(Important note: This blog is not written by Marie Pettit! This is a blog which was submitted anonymously – from someone who lives here in the Missoula community. Thank you!)
I wasn’t sure what to think.
I had been going to my counselor for dang-near a decade, and it just felt like I needed to be in that office. It was warm. She had all these cool trinkets. And I was offered tea.
And then, Covid-19 came around. And my counselor, Ruth, offered me online therapy.
Ah, I took a deep breath. A lot of words came to mind. Annoying was one of them. Because I was used to going to her office.
But – because I loved her so much – I was willing to try it.
Friday rolled around.
She sent me the link. I clicked it. Pretty simple.
And there she was!
“Ruth!”
“You!” she said, laughing.
She was sitting on her couch.
“Where are you?” she asked.
“I’m on my chair.”
“It glows.”
“It does. It’s a massage chair.”
“Holy toledo.”
“You want to see my place?”
I whipped the camera around. Gave her a tour. I actually have a skeleton replica in my house. I bought it to – now just hold on – to remind me of my own mortality, (I know). But it’s true.
“Isn’t it scary?” she asked.
“Well sure. Because it seems to kind of follow me around. It hangs out there, where the light hits it all strange. Looming over my bed. But this is what the stoics used to do.”
She laughed. It must have been fun for her – after all this time – to actually get a tour of my house. And it was fun to give her it!
“Here are my kids. Say hi kids,” I said walking through the house.
She just went with it. We only did this for about 30 seconds or so but it was cool because – we were having fun.
And soon normal therapy started. And it felt like a normal session. I couldn’t tell the difference.
In fact, it was actually easier to show emotion. I expressed my anger easier. My tears, it was easier. The distance actually allowed me to become emotional. Whereas before – I actually sort of held back. I’m not good at crying in front of someone. Even if it’s a therapist. And she got to see that inside of me. The rage, quite frankly, that haunts me. And so it felt good to let it out a little. (Usually I just do it when I’m by myself and things aren’t exactly working.)
So it felt good. And doing it online, again, gave me the distance that I needed to be able to express my emotions.

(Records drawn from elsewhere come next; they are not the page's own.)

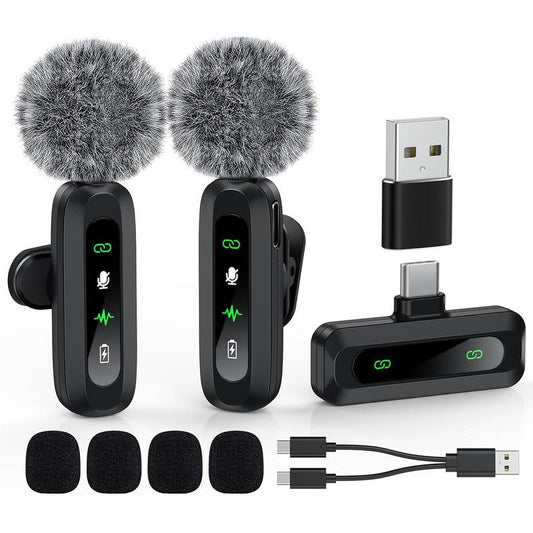 USB-C Lavalier Microphone, Clip-On Audio Mic with Clip & Indicator Light, Mini Microphones Kit, Wireless Microphones for Type-C Android Phones/Tablets/Pc Video Recording, Streaming Equipment
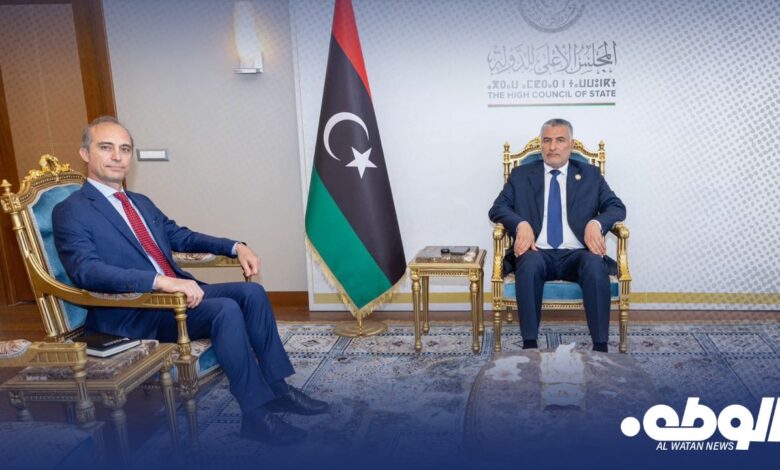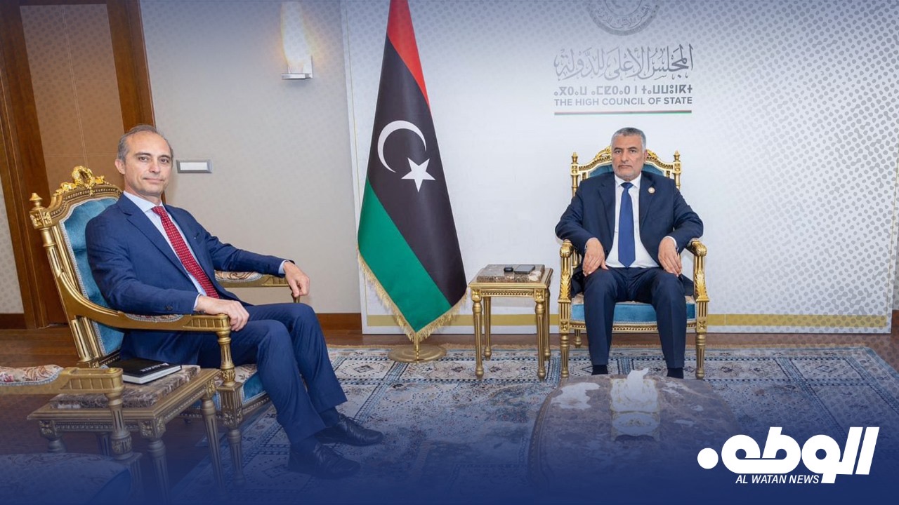 بحث رئيس مجلس الدولة محمد تكالة، مع السفير الإيطالي لدى ليبيا جيانلوكا ألبيريني، اليوم الخميس، بمقر المجلس، ملفات التعاون المشترك وسبل تعزيز العلاقات وتطويرها بما يخدم مصلحة البلدين.
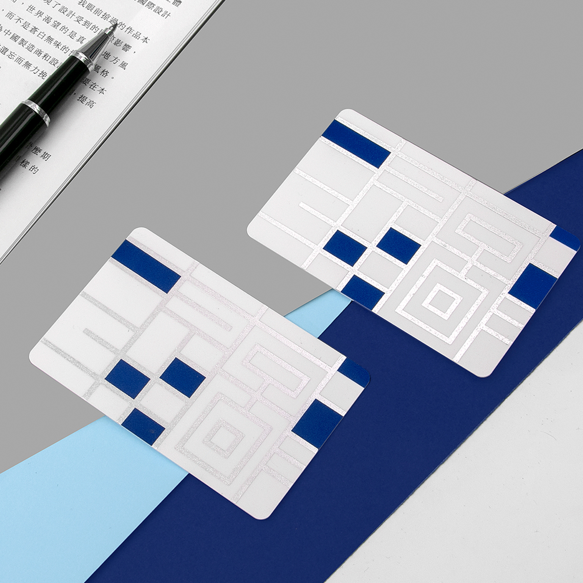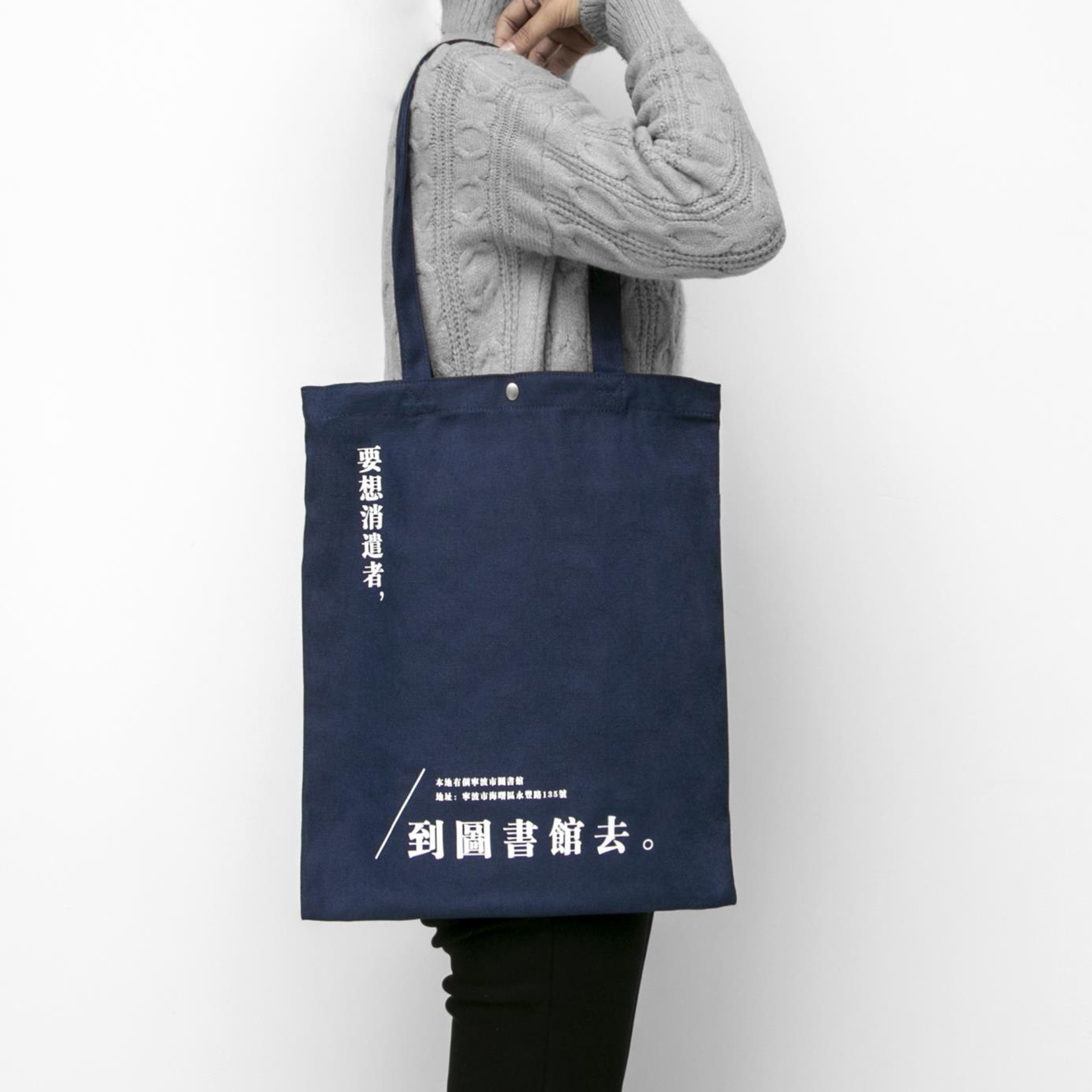 ②深深淺淺的藍色系塊面大膽拼貼,整體簡潔而富有童趣,營造出圖書館海納百川包容萬象的一面,無論你是什么人,走進圖書館,都是一個讀者?!靶吗^”系列圖形元素一確定,接下來與之前“甬圖”系列一樣,就是產(chǎn)品的元素應(yīng)用了。
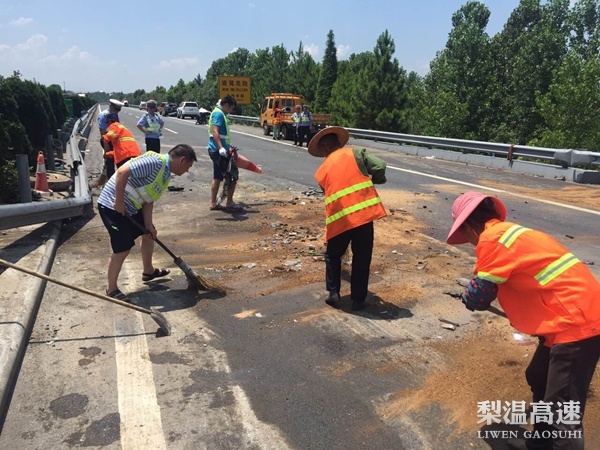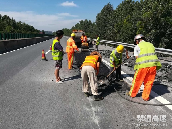 高温天气是路面病害修补的最好时机,既能保证坑槽修补的质量,又能延长道路使用寿命,为了抢抓公路养护的最佳时机,养护人员操作着风镐、压路机,一刻不停地忙碌着。高速公路上没有任何能够遮阳的地方,他们每天都在毒辣的阳光下暴晒10小时以上。高速公路路面温度基本都在50℃以上,沥青表面甚至超过80℃,整个施工区域仿佛一个大蒸笼。在烈日下,一顶太阳帽,一件标志性工作服,一把铁锹或者一把大扫把就是养护保洁人员的全部工作装备。他们挥舞着手中的铁楸与扫把,看着落叶、杂物被清理干净,看着过往司乘快捷通行,脸上露出惬意的笑容。
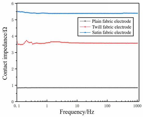 The contact impedance between electrodes of the same organizational structure and the skin decreased with increasing wearing pressure. Satin and twill structure electrodes had lower contact resistance with the skin than plain fabric electrodes, and their impedance curves changed more smoothly.
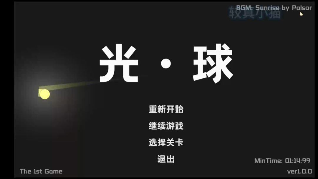 委屈[表情_委屈]委屈[表情_委屈]委屈[表情_委屈]游戏终于肝完了,就差加上虚拟按键以及打包了。(这里就展示主界面了) ———— 游戏《光·球》是一款平台跳跃游戏,需要控制一个球跳跃闯关,因为是demo难度设置的特别低,游戏有15关,但是通关只需要不到五分钟委屈[表情_委屈](好像难度有点太太低了),可以看出游戏拓展性挺高的,demo之后可能会推出更多关卡,以及加上更多玩法,做成音游也不是不可能
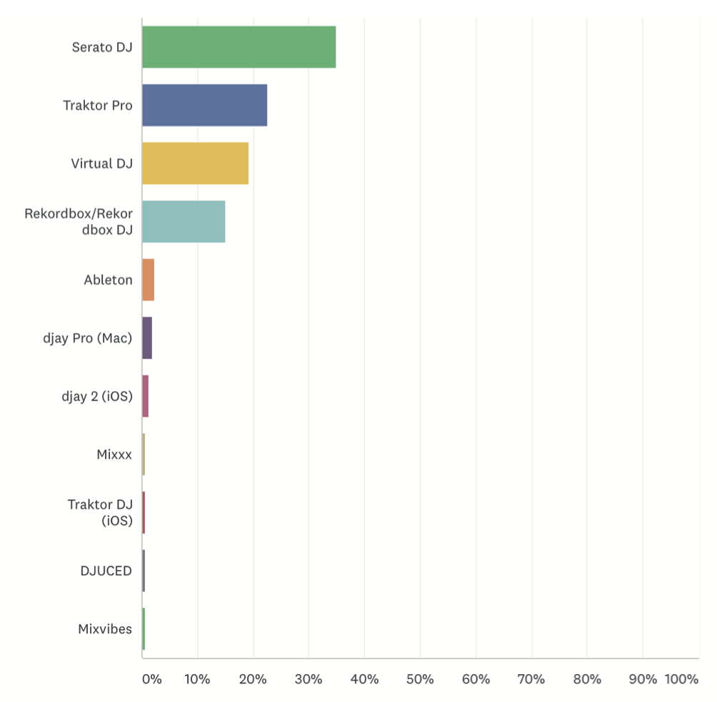 The “Big Three” are still the most popular DJ apps in our survey, with Serato DJ being the number one DJ software of choice for our readers. Traktor Pro is still a close second, and Virtual DJ third, with Rekordbox DJ climbing into fourth place and pushing Ableton Live further down the ladder. Will it become part of the top three this year?
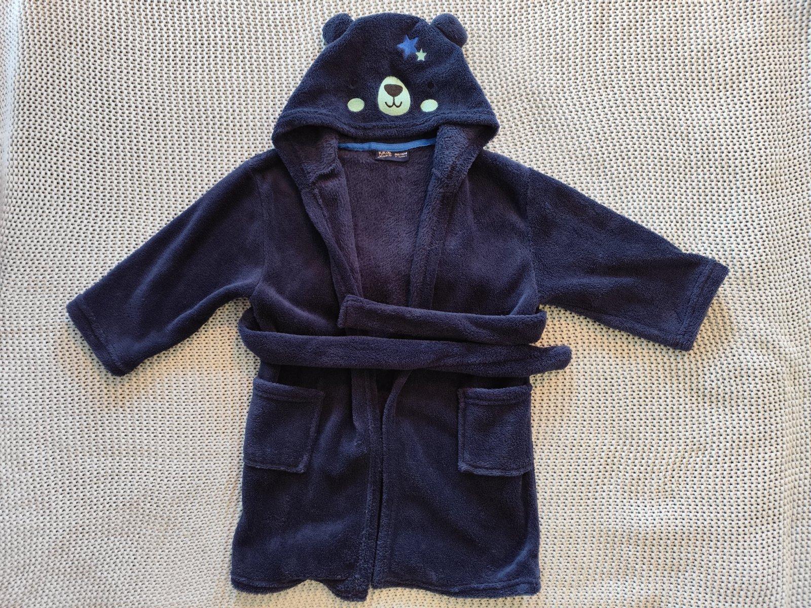 Krásny mäkký župan, značka George, veľkosť 98/104, 3 až 4 roky. Môj syn je vyšší, teda už je mu malý. Veľmi rád ho nosil aj doma aj na kúpalisko

Now here’s one thing that’s interesting:
“When I’m talking to her,” I thought, “Do I talk to my little picture? Or do I talk to Ruth, my therapist?”
Now.
Obviously you want to talk to the therapist or whomever you’re talking to, right? One would think? Isn’t it a little “narcissistic” to stare at yourself? In your little square in the corner of the screen? And what if she, my therapist, “sees” my eyes kind of staring at myself? Is this just how we are fated in a Zoom or Telehealth world, now? To stare at ourselves like Narcissus? Or, are we looking at each other’s eyes? I kind of like to look at myself. But then here and there, you know, look back and forth.
Regardless, it’s really funny.
“Hey I notice you’re looking at yourself more than me on the screen,” I remember, telling my Dad. He laughed.
But what we get out of this is that the experience of being online is VERY intimate. And thus it’s hard to look someone in the eyes. Isn’t it? But isn’t this kind of what this is about? Connecting? And getting used to connection? Rehearsing connections, as well? So that when real life comes along we’re like, “Hey I already did that. And now I get a do-over.” Because sometimes for me going to therapy feels like journaling. I mean, for me, it’s many things. It’s an accountability mirror, where I’m put back on track. It’s a spiritual thing, too. Because this person whom you’re talking to, you tell everything to. If you just met them in real life – it would be superficial in comparison!
At Sunflower Counseling they have different counselors and so it’s nice to be matched up with a counselor who fits your own unique style.
Anyway.
This is just what I think about. And I didn’t like online at first – I’ll admit it. I had to get used to it.
But now, I am.
It’s like going “back to work”. I don’t go “back to work.” I like to work from my home, now. Is this the only good thing that has come out of Covid-19? We get to work from the house? Covid has opened us up, as a nation, to this concept of working from home! And thus, even doing things like going to therapy – is actually kind of fun.
Heck, I love it. And I’m not going back.